About one in three internet users today are children. In South Africa, where just over half of the population are connected, this means approximately 20% of our online population could be under the age of 18 years old. What are we doing to protect their digital futures – especially in contexts where other basic needs are yet to be met?
Although access to the internet has repeatedly been recognised as a human right, the children that are online today are typically viewed as the lucky ones. They are the ones whose parents or guardians can afford devices and data that allow them to do continue their schooling at a time when COVID-19 has closed many a school or many an alternative access point. But as many of us know all too well, even with access, the pandemic has interrupted many an education and curtailed many an opportunity.
This is at least partly why safeguarding children’s digital futures is becoming increasingly important.

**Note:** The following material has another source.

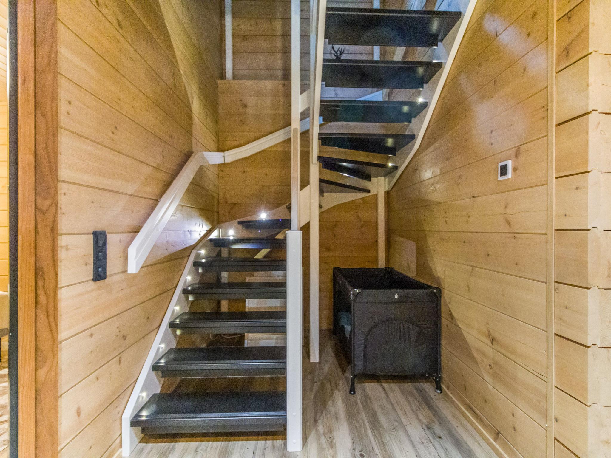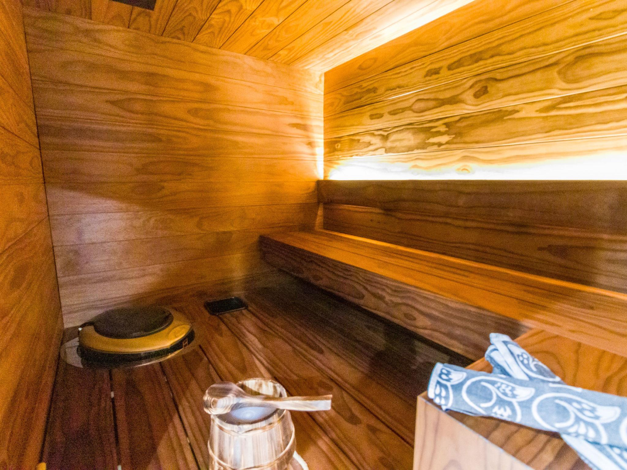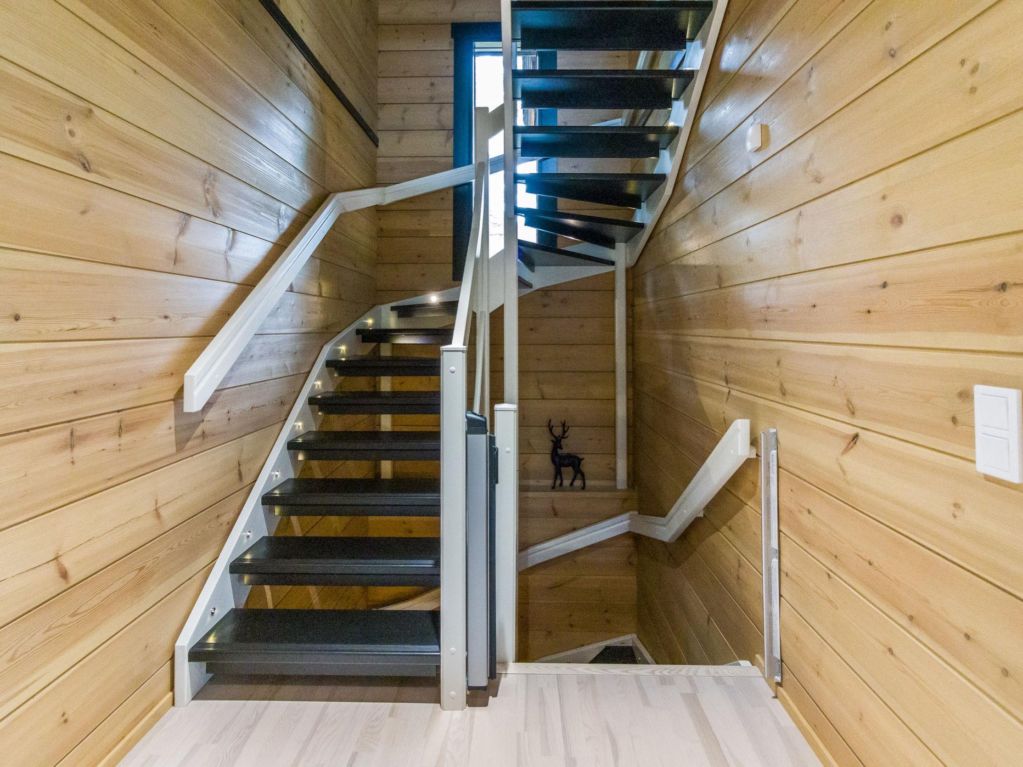 The ground floor of this three-story villa has a spacious living area with an atmospheric electric fireplace. The ground floor has one bedroom with 2 beds (width 80 cm) and washing facilities; an electric sauna with an always-ready stove and a high-quality bathroom with two showers and a hydro massage bath. In addition, there is a dressing room, separate toilet, and a covered terrace. There is also a ski maintenance room on the ground floor.

In a world where everything is increasingly moving online – where everything from dolls to dice are being digitised – children can scarcely afford to lack access and the skills and capacities needed to benefit from the opportunities that technologies may proffer for their futures. At the same time, as was recommended in a study conducted in South Africa in 2016 by Global Kids Online, policymakers need to be better prepared to ensure that children can have safe, equitable, diverse, inclusive and meaningful access to technology-related opportunities – while also mitigating the risks that accompany these opportunities.
Earlier this month, a significant step was taken in doing so when the United Nations (UN) Committee on the Rights of the Child adopted General Comment 25 on children’s rights in relation to the digital environment (the final text is yet to be published, but details about the consultation and processes that led to the adoption are available online). As Professor Sonia Livingstone from the London School of Economics and Political Science (one of the lead drafters of the General Comment) explained:
"In relation to the digital environment, it’s a game changer. The General Comment will land on the desk of every government in the world. It clarifies what the digital environment means for children’s civil rights and freedoms, their rights to privacy, non-discrimination, protection, education, play and more. It also explains why States and other duty bearers must act and, within the limits of 10,700 words, how they should act."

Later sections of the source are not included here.